All computer users that routinely accesses more than one computer in the course of their normal routine share the same pain. Keeping all of the files we need available to us at all times is nothing short of maddening. I might have a spreadsheet I was working on all afternoon on my desktop computer, but when I grab my laptop and run out the door to meet a client I only have access to a version that is 2 days old. Or I might have a series of files on my laptop that I need to work on. But when I left my laptop at the office, there is no way I can access them from home.
A great solution called DropBox plans to make these craze inducing nightmares a thing of the past. The user just installs DropBox on each individual system and links that computer to the DropBox account. DropBox then uses the internet (often referred to as “the cloud”) to keep all of the data in sync.
As long as all of the data is stored in the DropBox directory on my Mac, and as long as I have an internet connection, DropBox does all of the work. Say I have a spreadsheet that I updated on my workstation. As soon as I save the update, that file is instantly transmitted to each of my other computers. So, if I grab my laptop and run out to meet with a client, I can be confident that the most recent copy of that spreadsheet will also be sitting on my MacBook. As long as all of my computers are connected to the internet, I’ll have up to date access to all of the data in my DropBox directory.
So what happens if one of the computers doesn’t have access to the cloud for a period of time? DropBox will run its sync routine as soon as internet access is restored. If the same file has been modified in 2 locations, the software simply produces 2 copies of the same file making it fairly easy and obvious to the user that they have an issue to sort out.

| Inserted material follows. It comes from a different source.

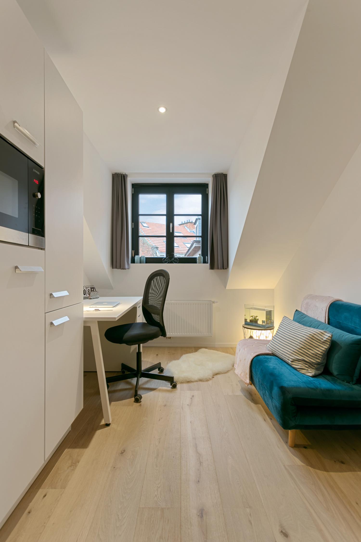 De studio’s worden stijlvol afgewerkt en voorzien van privébadkamer, moderne kitchenette en ingebouwde microgolfoven. De kamers beschikken allemaal over eigen sanitair. De ruime en gezellige keuken is gemeenschappelijk.

Sound almost like magic. I don’t believe in magic, so lets take a look at how DropBox works. First of all, the software must be installed on each computer involved in the sync. Next, each of those computers must be registered with the same DropBox account. This is pretty easy. Just enter your username and password in the preferences and its done. The real trick is in how DropBox keeps inventory of all of the files. For this, DropBox uses its own web site as a central data repository.
All of the files in the DropBox directory of each computer are also stored in a “secure” part of the DropBox web site. So each computer essentially syncs its data with the web site and the web site then delegates the synchronization of files between itself and all of the other computers registered on the DropBox account. Make a change to one of the files on one of the computers and the DropBox client instantly sends the new version to the cloud. The cloud the disperses the modified file to all of the other computers by notifying each install of DropBox that a change has been made.
Ok, it all sounds logical, but it also sounds like major stain on bandwidth. In fact that is the case in some situations. But DropBox does things to optimize internet usage by only syncing delta data whenever possible. So if its possible to update just a part of a larger file, only the part is synchronized.
The real question is how long it actually takes to sync these files. And in my tests, not long at all. DropBox is incredibly responsive. It almost every case, the software was immediately on top of any change I made to files located in its home directory. In a few rare cases, it took a few extra seconds before it transmitted the change to the cloud.
Obviously the bigger the file, the longer it takes to sync it. Small files like Word documents and spreadsheets are amazingly fast. Larger files like MP3’s or video files just take a little longer. At some point you have to consider the size of the file and the bandwidth limitations involved in moving it.
So how do you know when your files are updated? DropBox has a great way to make this instantly obvious. It simply changes the files icon to reflect its sync state. If the file is up to date with the other copies, a small green check mark is imposed on the files icon. If the file is currently being synchronized, that check is replaced by a small blue circular arrow. Once the file has been synced, the arrow turns to a green check and you are set!
DropBox currently limits users to 2GB of storage. Since all data in the DropBox directory is also in sync with the cloud, this limitation ultimately limits the usefulness of DropBox. If you want more storage space, its no problem. For $99 per year, DropBox will provide 50GB of storage. $199 per year will get you 100Gb of storage.
There was one striking oddity that I found during the course of my testing. For example, I tossed a simple Mac application in the sync directory as an easy and lazy way to get it installed on all of my Macs. But, as it turned out, that application could not launch on the other computers once the sync was complete. I have not contacted the developers to try and resolve the issue. Since DropBox works on the Mac, Windows, and Linux, it was safe to say that some compromises would be made.
DropBox also has some great additional features that I would like to get review on another post. Some are incredibly useful and powerful features that will only appeal so a subset of the main user base, but they show that the developers are really thinking outside of the box (pardon the euphemism).